In this paper, results have been primarily obtained with saturated (with water) decan-1-ol, with the amount of hydrogen peroxide discussed in terms of the theoretical H₂O₂ concentration in water (wt%). The H₂O₂ concentration is expressed assuming facile separation of decan-1-ol and water can be achieved, with no H₂O₂ retained in the organic solvent.

Time-on-line analysis for the direct synthesis of H₂O₂

An identical procedure to that outlined above for the direct synthesis of H₂O₂ is followed for the desired reaction time. It should be noted that individual experiments are carried out and the reaction mixture is not sampled on-line.

Gas replacement experiments for the direct synthesis of H₂O₂

An identical procedure to that outlined above for the direct synthesis of H₂O₂ is followed for a reaction time of 0.5 h. After this, stirring is stopped and the reactant gas mixture is vented prior to replacement with the standard pressures of 5% H₂/CO₂ (420 psi) and 25% O₂/CO₂ (160 psi). The reaction is then stirred (1200 rpm) for a further 0.5 h.

Degradation of H₂O₂

Catalytic activity towards H₂O₂ degradation was determined in a similar manner to the direct synthesis activity of a catalyst. The autoclave was typically charged with catalyst (0.01 g) and reaction solution (0.39 g 4 wt% H₂O₂ and 8.11 g organic solvent). The charged autoclave was purged three times with 5% H₂/CO₂ (100 psi) and then filled with 5% H₂/CO₂ (420 psi). The reaction mixture was allowed to stabilise at the desired temperature (25 °C) after which stirring commenced (1200 rpm) and experiments were carried out for 30 minutes. H₂O₂ degraded was determined by titrating all of the final solution with acidified Ce(SO₄)₂. The Ce(SO₄)₂ solutions were standardised against (NH₄)₂Fe(SO₄)₂·6H₂O using ferroin as an indicator. Catalytic activity towards H₂O₂ degradation is reported herein in terms of rate (mol_H2O2 kg_cat⁻¹ h⁻¹) to better allow for comparison to the literature and accounts for hydrogenation and decomposition pathways.

Note: within this work reactant gases have been diluted with CO₂ to ensure that at no time do mixtures of H₂ and O₂ enter the explosive region (4–94 mol%).

Results and discussion

Within this study we evaluate the catalytic performance of a range of previously studied supported AuPd catalysts prepared by a wet co-impregnation methodology, (5% AuPd/C,³³ 5% AuPd/TiO₂,⁶ 5% AuPd/CeO₂ (ref. 47) and 5% AuPd/SiO₂ (ref. 27)) (actual metal loading, as determined by aqua-regia assisted microwave digestion reported in Table S.1†) towards H₂O₂ synthesis, using a solvent system consisting of a hydrophobic alcohol and water. We aim to address H₂O₂ selectivity through minimizing contact between catalyst and the synthesised H₂O₂, with the choice of solvent ensuring the former is preferentially retained in the hydrophobic alcohol while the latter extracted into the aqueous phase.

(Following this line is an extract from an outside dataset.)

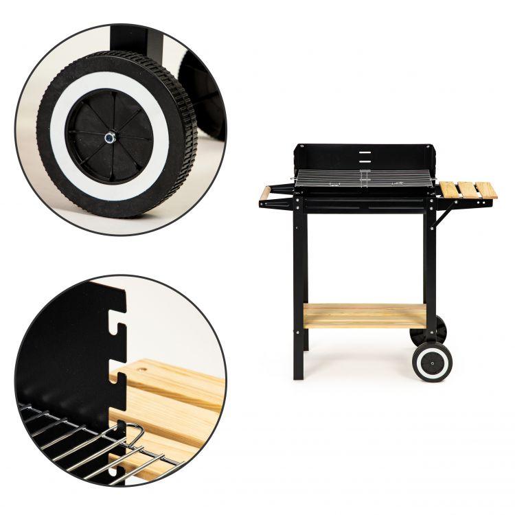Гриль оснащений колесами і ручкою з дерев'яною ручкою, тому навіть коли він розігріється, ви можете легко перемістити його в зручне місце.

We have previously demonstrated that catalytic selectivity of the materials studied within this work correlates strongly with the surface charge of the support, with catalysts synthesised on supports such as C and SiO₂, which have low isoelectric points, offering the greatest rates of H₂O₂ synthesis.⁴⁸ Although other parameters such as nanoparticle dispersion,⁴⁹ the degree of alloying⁵⁰ and Pd oxidation state^51,52 are clearly also strongly related to catalytic performance.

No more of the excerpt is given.